Squats: I recommend using the red or blue resistant band.
Stand on the band with your feet hip width apart. Keep your back straight, face forward, bend your knees slightly, and hold on to the handles of the band. Make sure you feel tension in the bands.
Lower your butt out and down towards the floor, as if you were to sit in a chair, then return to the standing position. Make sure there is tension again in the standing position.
I recommend doing 15 to 25 reps, in sets of 3.

Lunges: To do lunges with resistance tubing, you need to wrap the tubing around a pole, or attach it to a doorknob. Some tubings have an attachment to place inside the closed door or inside the door jam. Make sure you choose a closet door. If you choose a door that people open and close all the time, and you are working out with the door closed and someone opens the door, and whack! That is going to hurt.
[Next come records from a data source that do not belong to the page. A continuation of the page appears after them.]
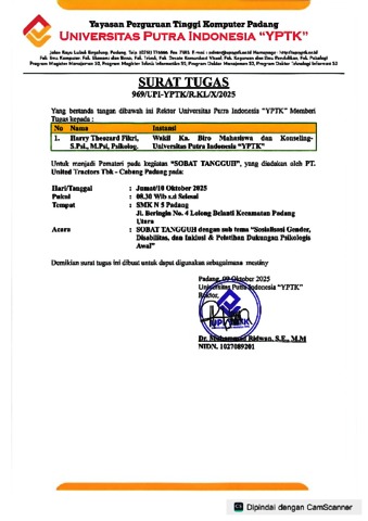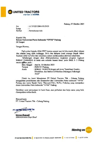 berdasarkan Perjanjian Kerjasama antara Universitas Putra Indonesia "YPTK" dan PT. United Tractors, Tbk tentang Kerjasama di bidang Pendidikan, Penelitian dan Pengabdian Kepada Masyarakat nomor: 429/UPI-YPTK/R.MOU/VI/2024 PARA PIHAK akan melaksanakan kegiatan Kolaborasi dalam sosialisasi di lingkungan PIHAK KEDUA. Dalam hal ini PARA PIHAK sepakat memberikan manfaat bagi masing-masing Institusi.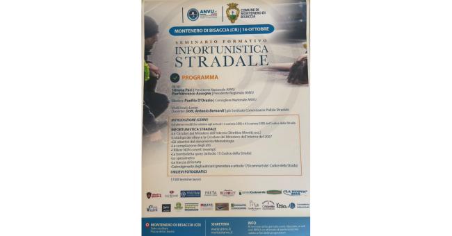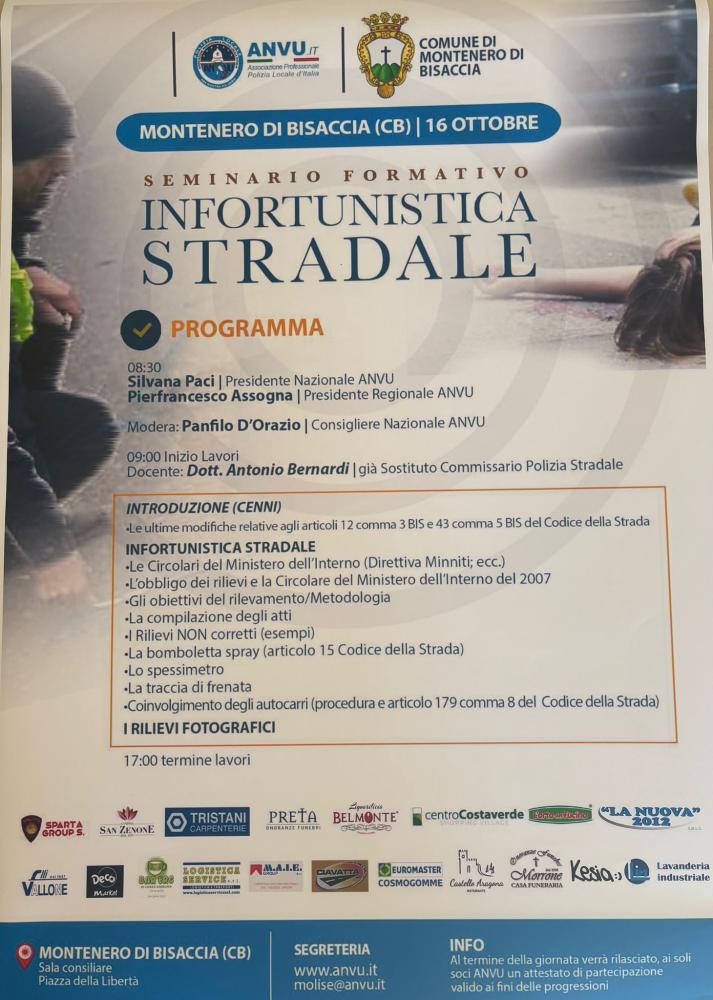 Si terrà giovedì 16 ottobre, presso la Sala Consiliare del Comune di Montenero di Bisaccia in Piazza della Libertà , un importante seminario formativo sull’infortunistica stradale organizzato dall’ANVU – Associazione Professionale Polizia Locale d’Italia – in collaborazione con il Comune di Montenero di Bisaccia.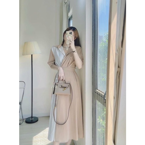 Giới thiệu Váy thiết kế phối hai màu đai eo tay bồng dáng dài tiểu thư tôn dáng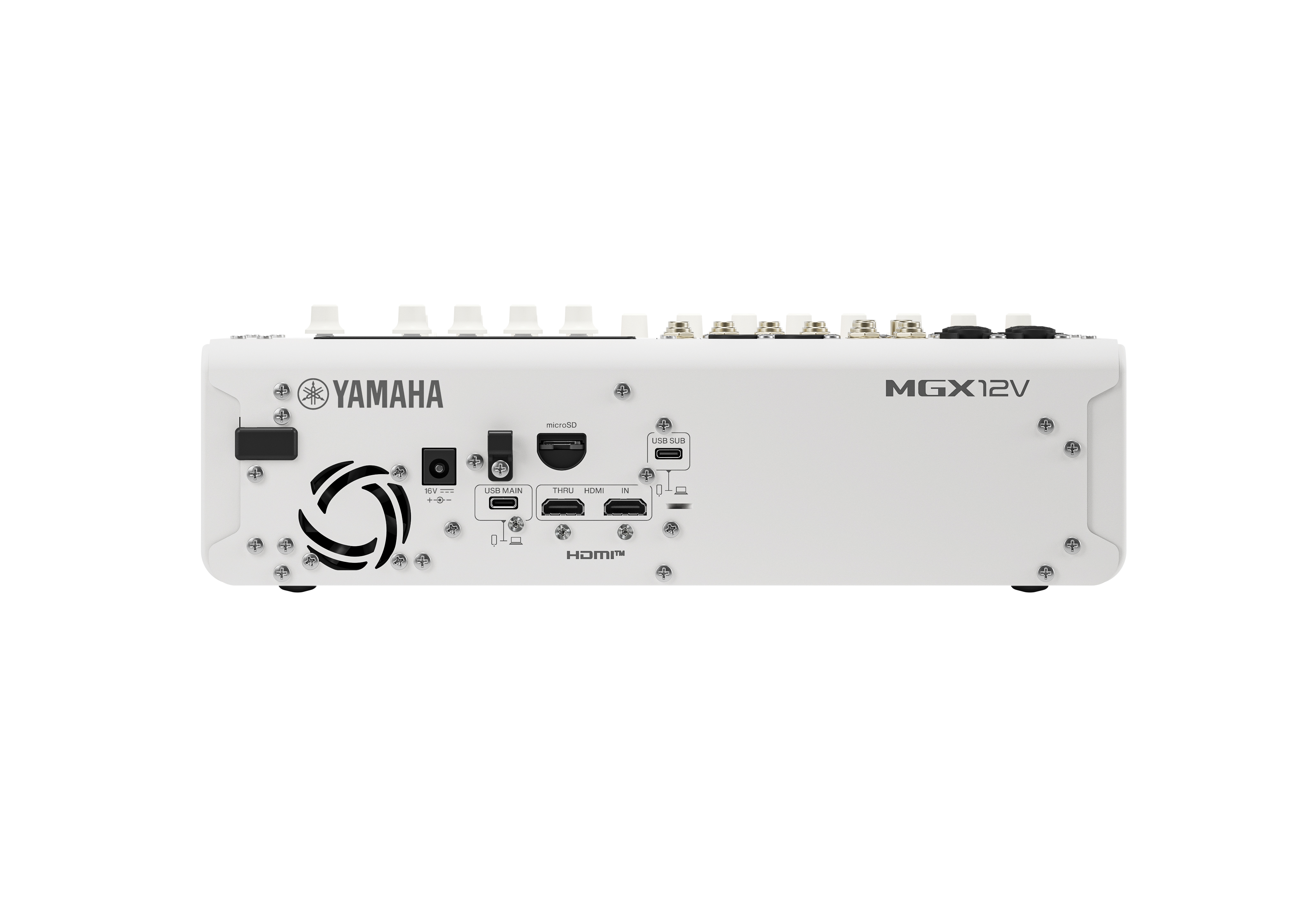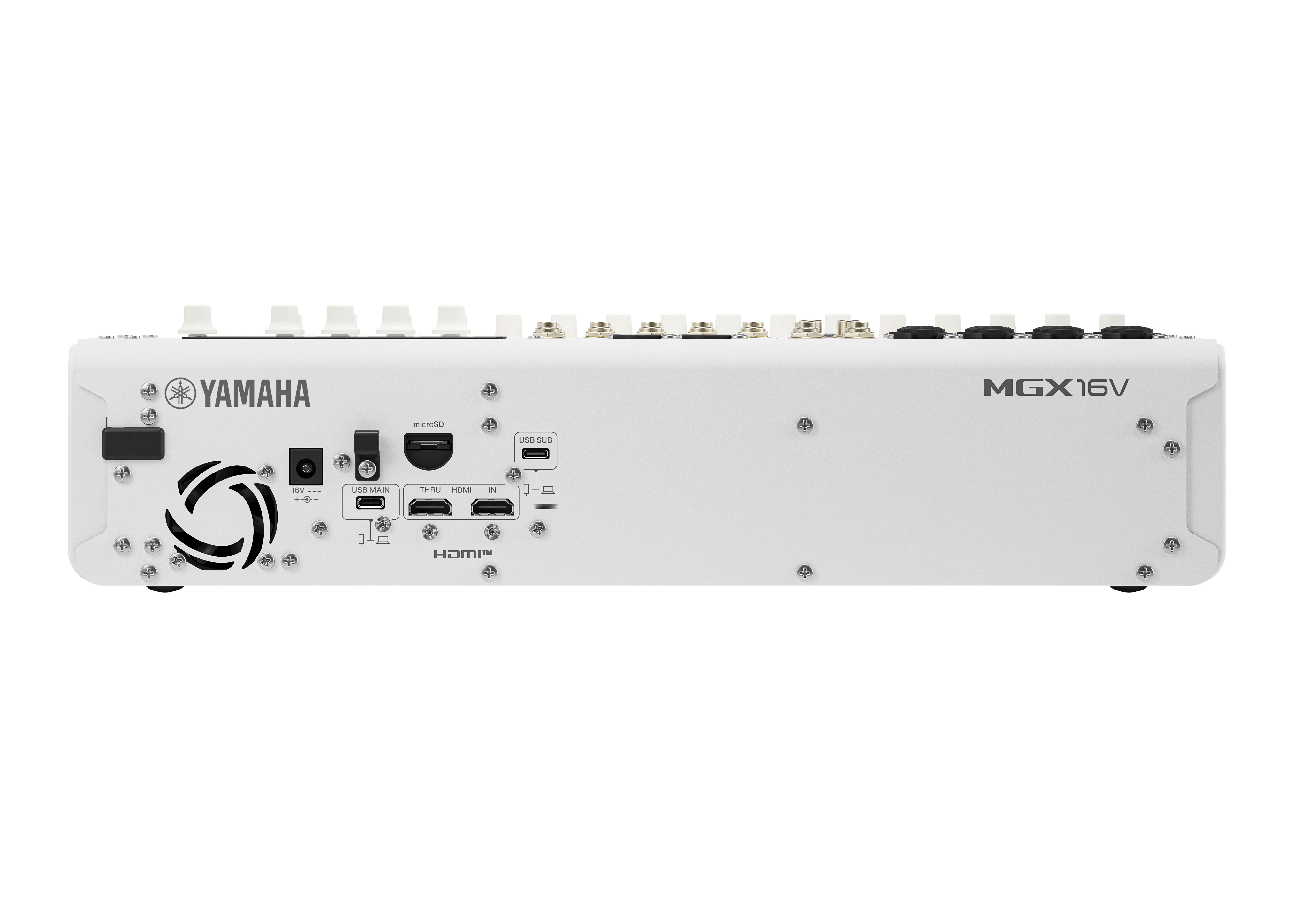Les nouvelles consoles de la série MGX sont proposées en plusieurs déclinaisons : MGX12, MGX12V, MGX16 et MGX16V. Il s’agit de consoles de mixage numériques avec une interface audio intégrée 32 bits / 96 kHz. Les modèles MGX12 et MGX12V disposent de 12 curseurs linéaires de 60 mm, 4 entrées combo micro/ligne avec préamplis Yamaha Premium (réserve de gain : 86 dB), 8 entrées ligne (4 mono, 4 stéréo) et 6 sorties omni TRS. Les modèles MGX16 et MGX16V disposent quand à eux de 16 curseurs linéaires de 60 mm, 8 entrées combo micro/ligne avec préamplis Yamaha Premium (réserve de gain : 86 dB), 12 entrées ligne (8 mono, 4 stéréo) et 8 sorties omni TRS. La différence notable entre les modèles V et les autres est la présence d’un port HDMI pour la capture et la transmission 4k (uniquement sur les versions V).

Stand upright and face forward, away from the door. With handles in hands and at chest level, stretch out your arms in front of you.
With feet hip width apart and stomach tight, step forward with your right foot about 12 inches or more. Your right knee should bend at about 90 degrees while your left foot stays in place and knee bends slightly. This form will be at the maximum lunge position.
Step back and up to the starting position. Repeat 10 to 15 reps for 3 sets. Reverse lunge, stepping forward with your left foot.
This will require balance and strength.
Next month I will describe upper body exercises incorporating the use of resistant tubing.
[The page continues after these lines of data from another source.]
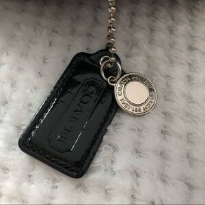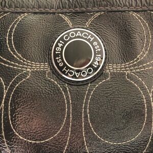 Mint condition, black patent leather coach purse, coach logo printed bag, zip top, two handles and side pocket plus zipper pocket inside bag as well as phone pockets.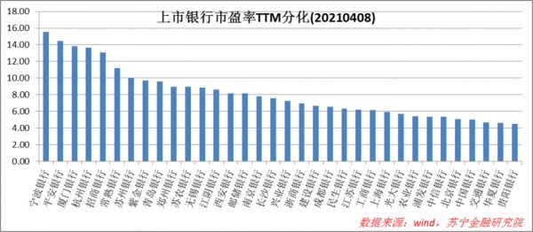 从当前上市银行的估值分布来看,低至4.52倍,高至15.57倍,分化很明显,但差距仍在合理范围内。如宁波银行以15.57倍市盈率拔得头筹,在银行业内部是佼佼者,但相比沪深300指数(19倍)、创业板指数(49倍),估值水平处于低位,并没有突破银行业的估值框架。
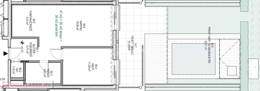 Ez a lakás nappali+1 hálós, 47nm alapterületű+ tartozik hozzá egy 26nm-es fedett terasz és 38nm privát kert is.

Health Tip: Seven ways to lower your blood pressure without medication
*Lose extra pounds and watch your waistline, blood pressure often increases as weight increases
*Exercise regularly
*Eat a healthy diet
*Reduce sodium in your diet
*Limit the am ount of alcohol consumption
*Quit smoking
*Lower your stress level
monitor your blood pressure at home, and consult your physician annually.

Good luck, until next month, Exercise Does A Body Good!